The hotel building was originally Pearl's Brewhouse, built in 1894 and a San Antonio landmark ever since. It was designed by Chicago architect August Maritzen in the Second Empire style.
Hotel Emma.
Pearl was the only San Antonio brewery to survive Prohibition, thanks primarily to Emma Koehler's astute leadership during those lean years (she kept the brewery going by converting operations to dry cleaning to auto repair). The fortunes of the brewery rose and fell during the next six decades until it was closed down in 2001.
The library at Hotel Emma.
Today, Emma is a vibrant 146-room boutique hotel with a handsome bar and club rooms, an excellent restaurant and brewery, the city's best hotel gift shop, a gourmet grocery and public spaces reminiscent of fine old hotels in far-flung locales.
My favorite spot at Emma was the hotel library, which boasts an eclectic collection of books and texts and features an upper deck with a wraparound counter and stools.
It's here that I enjoyed coffee each morning along with an Emma tradition: a welcome La Babia Margarita -- a simple drink named after La Babia Hacienda in Coahuila, Mexico -- surrounded by books on brewing, travel, Turkish traditional art, Texas flora and fauna, Mexican folk art, Australian aboriginals, aviation, astronomy, philosophy, fishing, world history and more.

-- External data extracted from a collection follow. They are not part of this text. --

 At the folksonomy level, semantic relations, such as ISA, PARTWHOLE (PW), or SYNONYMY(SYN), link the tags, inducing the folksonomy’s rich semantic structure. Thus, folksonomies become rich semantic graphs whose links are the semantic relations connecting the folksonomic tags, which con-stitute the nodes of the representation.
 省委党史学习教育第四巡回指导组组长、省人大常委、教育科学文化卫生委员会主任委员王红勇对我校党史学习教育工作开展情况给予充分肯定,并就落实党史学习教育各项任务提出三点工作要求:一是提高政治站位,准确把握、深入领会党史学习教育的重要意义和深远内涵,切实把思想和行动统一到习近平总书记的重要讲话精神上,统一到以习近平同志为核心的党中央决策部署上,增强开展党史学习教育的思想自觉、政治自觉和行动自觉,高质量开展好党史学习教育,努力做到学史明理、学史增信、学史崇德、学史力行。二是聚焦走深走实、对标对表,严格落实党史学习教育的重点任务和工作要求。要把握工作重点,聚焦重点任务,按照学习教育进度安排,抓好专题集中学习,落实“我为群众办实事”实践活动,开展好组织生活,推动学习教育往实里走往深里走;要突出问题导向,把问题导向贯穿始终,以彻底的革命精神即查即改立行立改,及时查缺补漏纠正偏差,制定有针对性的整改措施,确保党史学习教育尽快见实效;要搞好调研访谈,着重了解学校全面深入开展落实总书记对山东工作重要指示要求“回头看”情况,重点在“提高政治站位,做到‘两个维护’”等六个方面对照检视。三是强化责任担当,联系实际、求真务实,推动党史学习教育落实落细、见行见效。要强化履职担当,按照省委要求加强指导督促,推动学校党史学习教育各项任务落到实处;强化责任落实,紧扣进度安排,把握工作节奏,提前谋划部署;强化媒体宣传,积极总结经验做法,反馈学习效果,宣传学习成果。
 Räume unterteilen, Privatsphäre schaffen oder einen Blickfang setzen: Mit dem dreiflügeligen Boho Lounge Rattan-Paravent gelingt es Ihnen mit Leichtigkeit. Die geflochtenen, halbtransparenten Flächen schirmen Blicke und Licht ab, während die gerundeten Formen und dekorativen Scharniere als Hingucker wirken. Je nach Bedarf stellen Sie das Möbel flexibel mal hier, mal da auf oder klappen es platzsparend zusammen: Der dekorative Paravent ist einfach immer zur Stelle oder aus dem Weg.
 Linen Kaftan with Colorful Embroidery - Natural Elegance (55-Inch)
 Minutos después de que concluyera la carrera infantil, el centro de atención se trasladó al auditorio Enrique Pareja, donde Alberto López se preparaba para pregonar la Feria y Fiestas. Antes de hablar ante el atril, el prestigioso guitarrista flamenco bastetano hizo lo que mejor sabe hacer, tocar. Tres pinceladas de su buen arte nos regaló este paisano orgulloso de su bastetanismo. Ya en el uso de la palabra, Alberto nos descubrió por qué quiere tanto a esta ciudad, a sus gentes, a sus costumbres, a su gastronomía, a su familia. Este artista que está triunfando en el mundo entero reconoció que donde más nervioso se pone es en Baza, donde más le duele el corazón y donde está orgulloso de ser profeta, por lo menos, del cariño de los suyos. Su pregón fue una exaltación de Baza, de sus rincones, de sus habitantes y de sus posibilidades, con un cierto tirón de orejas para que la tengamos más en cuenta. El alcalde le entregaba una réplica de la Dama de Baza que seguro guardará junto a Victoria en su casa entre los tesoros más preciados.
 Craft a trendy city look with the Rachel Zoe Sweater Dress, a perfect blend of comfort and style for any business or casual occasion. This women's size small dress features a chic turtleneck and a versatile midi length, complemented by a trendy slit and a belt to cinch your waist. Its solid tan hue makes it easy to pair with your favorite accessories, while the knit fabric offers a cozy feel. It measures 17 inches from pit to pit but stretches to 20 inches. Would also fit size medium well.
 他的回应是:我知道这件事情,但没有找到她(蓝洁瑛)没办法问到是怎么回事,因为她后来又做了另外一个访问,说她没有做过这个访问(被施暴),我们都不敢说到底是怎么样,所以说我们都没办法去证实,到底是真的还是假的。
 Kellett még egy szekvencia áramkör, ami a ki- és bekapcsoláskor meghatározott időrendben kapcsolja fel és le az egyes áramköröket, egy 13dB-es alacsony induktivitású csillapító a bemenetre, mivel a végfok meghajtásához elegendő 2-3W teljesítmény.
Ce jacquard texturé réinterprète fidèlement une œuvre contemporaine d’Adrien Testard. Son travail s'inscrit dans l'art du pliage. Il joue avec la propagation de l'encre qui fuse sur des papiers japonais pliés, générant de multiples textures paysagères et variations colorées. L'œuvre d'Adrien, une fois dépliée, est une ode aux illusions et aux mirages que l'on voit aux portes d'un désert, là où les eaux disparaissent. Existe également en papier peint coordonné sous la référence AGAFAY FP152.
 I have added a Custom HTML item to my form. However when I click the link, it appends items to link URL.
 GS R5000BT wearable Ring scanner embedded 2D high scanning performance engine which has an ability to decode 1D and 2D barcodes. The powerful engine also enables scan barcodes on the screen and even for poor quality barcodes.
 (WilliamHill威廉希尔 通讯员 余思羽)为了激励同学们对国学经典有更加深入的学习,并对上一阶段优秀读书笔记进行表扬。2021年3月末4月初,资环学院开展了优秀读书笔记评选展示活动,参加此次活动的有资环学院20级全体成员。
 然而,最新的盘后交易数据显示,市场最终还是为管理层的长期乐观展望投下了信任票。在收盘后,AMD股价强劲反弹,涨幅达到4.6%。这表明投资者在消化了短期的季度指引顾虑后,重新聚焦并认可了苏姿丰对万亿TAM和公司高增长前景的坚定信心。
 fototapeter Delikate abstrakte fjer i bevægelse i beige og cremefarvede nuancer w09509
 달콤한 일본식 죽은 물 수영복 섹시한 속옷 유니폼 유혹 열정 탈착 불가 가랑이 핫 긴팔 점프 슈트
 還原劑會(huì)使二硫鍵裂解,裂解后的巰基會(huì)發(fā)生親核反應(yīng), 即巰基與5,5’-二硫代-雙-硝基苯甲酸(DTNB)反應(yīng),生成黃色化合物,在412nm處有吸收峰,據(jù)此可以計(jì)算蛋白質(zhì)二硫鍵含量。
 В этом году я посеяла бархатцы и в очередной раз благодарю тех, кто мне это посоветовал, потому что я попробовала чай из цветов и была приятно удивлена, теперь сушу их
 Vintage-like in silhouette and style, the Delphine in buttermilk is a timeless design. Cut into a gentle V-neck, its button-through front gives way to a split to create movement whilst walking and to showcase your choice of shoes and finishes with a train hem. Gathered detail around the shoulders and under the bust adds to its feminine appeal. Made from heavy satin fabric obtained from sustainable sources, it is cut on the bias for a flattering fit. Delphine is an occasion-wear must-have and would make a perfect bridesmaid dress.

The welcome La Babia Margarita at Hotel Emma.
Although I didn't spend much time in my room, my "Classic Brewmasters" king on the third floor -- a few doors down from the outdoor pool -- was pretty sweet. For two nights, I enjoyed the king bed, my view of the front courtyard and fresh macarons delivered nightly from an on-site bakery.
Brewhouse king room at Emma.
The culinary scene at Emma is also a main draw. The in-house restaurant is called Supper, and it showcases Chef John Brand's take on South Texas farm to table.
I highly recommend getting a spot at the chef's counter, with a view into the open kitchen, and no matter what you order you won't be disappointed. The menu is approachable and offers several small plates that are perfect for sharing. It's no wonder this is one of the hottest tables in SA.
The newly opened Southerleigh Brewing Company is another solid option at Emma. Along with typical brewery fare, the friendly bartenders at Southerleigh serve up an impressive list of draught beers including Texas Uncommon IPA, Downtown Mrs. Brown and the sake-infused Godzilla Go Ale.
Emma sits on a bend of the San Antonio, technically part of the city's famed river walk but far from the touristy hordes downtown. I enjoyed getting to know this South Texas city for the first time, and Emma was a big part of my experience. I lost track of time lounging in the lobby, surrounded by 19th-century machinery, piping and levers.
As a neoyorquino constantly rushing from place to place, losing track of a little time in Texas wasn't such a bad thing.